Position sizing is another highly important topic. How much capital should be allocated for a given opportunity? One possible approach is outlined in Robert Carver's book "Systematic Trading." The central idea is to employ 10 signals to trigger a long position, with each signal assigned a weight. For the sake of illustration, let's assume equal weights for the 10 signals. If 4 out of the 10 signals indicate a long position, then 40% of the originally planned position size is utilized for the long trade.
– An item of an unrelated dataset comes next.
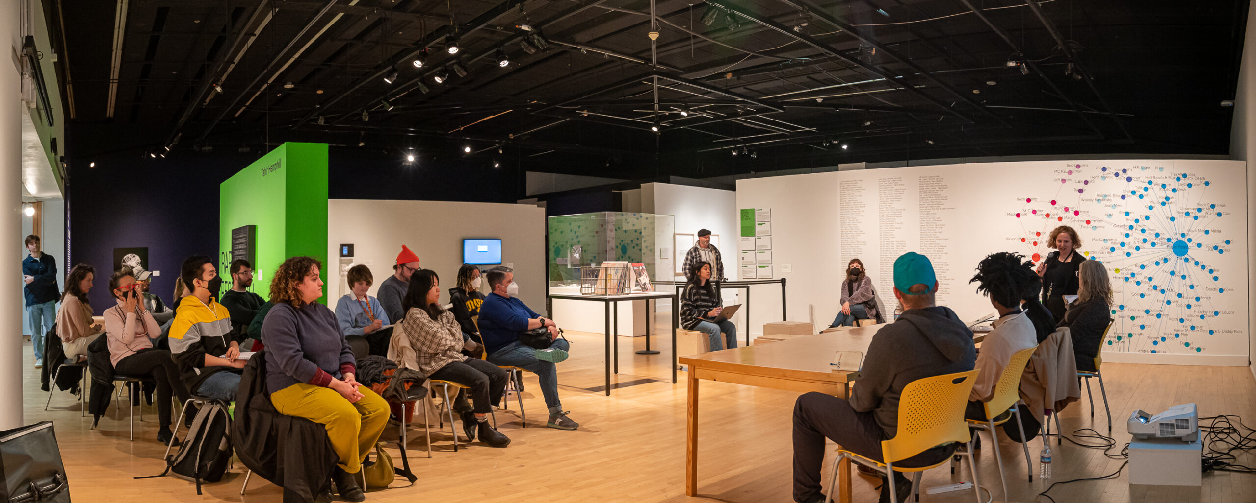 Researchers Lee Boot, Christine Mallinson, and their research teams held intimate discussions about two critical research activities at UMBC, focused on the topics of climate science and Deep Fake audio technologies. Both of these interdisciplinary research activities used visualization strategies to interpret and understand important changes in our environment and culture. The format of the conversation was a gallery tour followed by Q+A.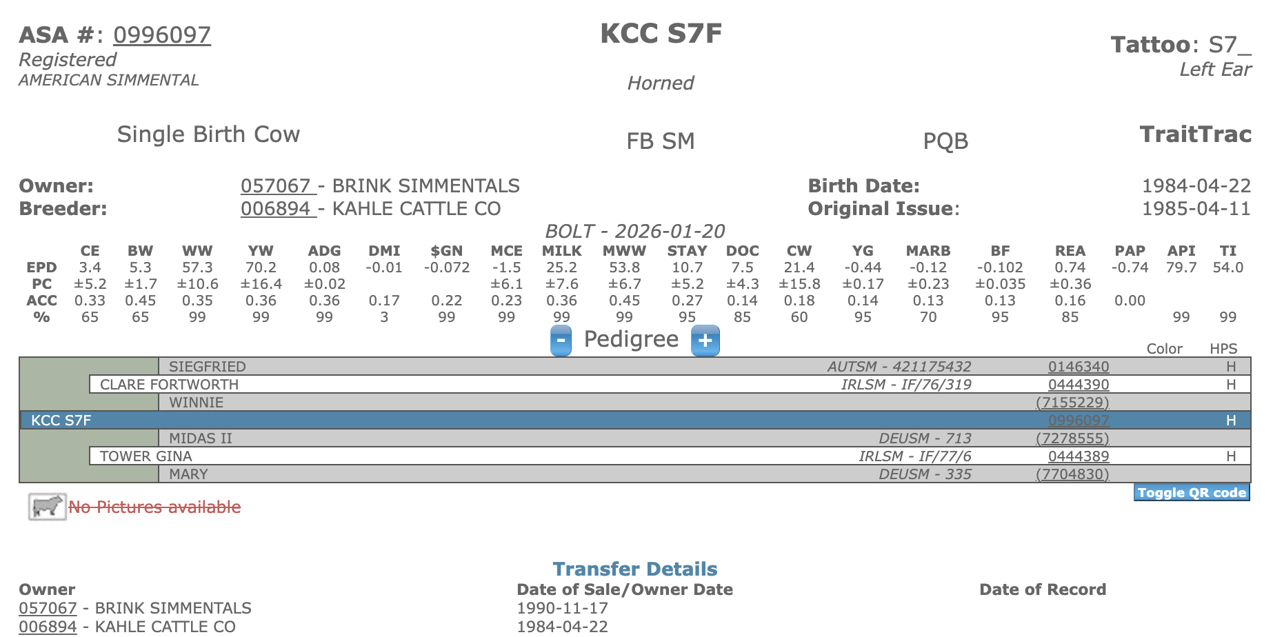 Clare S7 is the grandmother of Brink Clarinda E514. Amazing how influential great cows are 40 years later.

If all 10 signals indicate a long position, then the full 100% of the initially intended position size is used for the trade.

 

Let's assume that you are trading multiple assets with two different systems, one trend-following system (prone to exploit trending market) and counter-trend system (prone to exploit choppy markets)…



(page 179)


Diversifying among different strategies serves as a robust complement to diversifying across various asset classes. In other words, diversification across different strategies is almost akin to the Holy Grail of trading.

 

From our experience there is a common rule of thumb for most trading systems. The more signals a system produces, the less profitable it is! Or from the other side, the best trading systems with the highest profits per trade usually don't give entry signals every day in every market phase. Instead, their signals occur rarely, maybe only one time per month, per year, depending on the system logic and the chosen timescale. This means that with the more profitable systems, you will have long periods without any signals. Periods when you just sit like a fisherman for many hours, waiting for the fish to bite into the fishing line.



(page 190)


Quality stocks are worth the wait, even if it takes years. Truly exceptional trades hinge on the timing of entry. Once the market validates your analysis, holding the position firmly is the only right choice.